Hans Rosling, who is advising Liberia on its Ebola response, noted the difficulties of transporting such samples.

"Some of the planes — the U.S. military and U.N. planes — they will not fly Ebola specimens," he said. "But they have their regulations, and to cut red tape is not easy."

In Liberia, "we use specifically allocated motorbikes and cars. We use what's available and what's reasonable, we have to organize things as we go along," he said. "It may have been the correct decision in Guinea (to use a taxi) and the robbery was just a sad mishap."

Congo declared Ebola free

Also on Friday, the World Health Organization (WHO) announced that the Democratic Republic of Congo's separate Ebola outbreak was officially over, after 42 days passed with no new cases.

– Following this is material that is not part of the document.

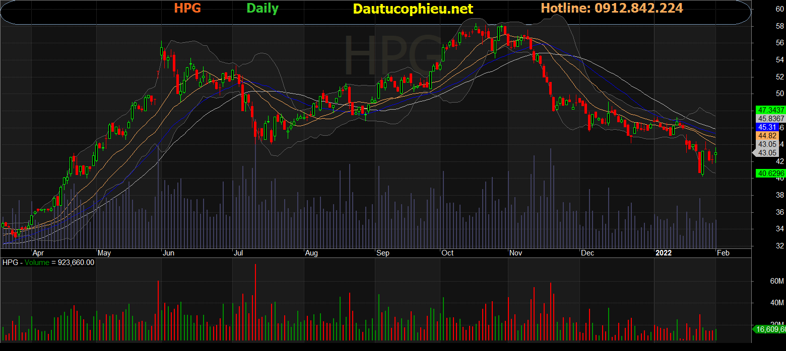 Đồ thị cổ phiếu HPG phiên giao dịch ngày 07/02/2022. Nguồn: AmiBroker

The Congo outbreak, unrelated to the one in West Africa, was concentrated in northwest Equateur province and killed at least 49 people, according to local officials.

Separately, a Cuban doctor who contracted Ebola in Sierra Leone arrived in Switzerland on Friday for treatment and was able to walk off the transport plane, a Geneva medical official said.

Felix Baez Sarria arrived on a flight overnight and was transported in a specially outfitted ambulance with a police escort to Geneva University Hospital.

Geneva canton (state) Chief Medical Officer Jacques-Andre Romand told The Associated Press that the 43-year-old Baez wore a protective suit and mask as he got off the plane and climbed onto a gurney before boarding the ambulance.

Romand said doctors would decide on his treatment regime, which could include experimental drugs.

"As soon as we know what is going on, if there is medication that will help him we will give it to him," Romand said.

Baez, a member of the 165-person medical team Cuba sent to Sierra Leone, is believed to have caught the disease when he rushed to help a patient who was falling over. His treatment in Switzerland was organized through the WHO.

Meanwhile, the death toll from the Ebola epidemic has risen to 5,459 out of 15,351 cases identified in eight countries as of Nov. 18, WHO said on Friday. The vast majority of the deaths and cases occurred in Guinea, Liberia and Sierra Leone, where “transmission remains intense,” according to WHO.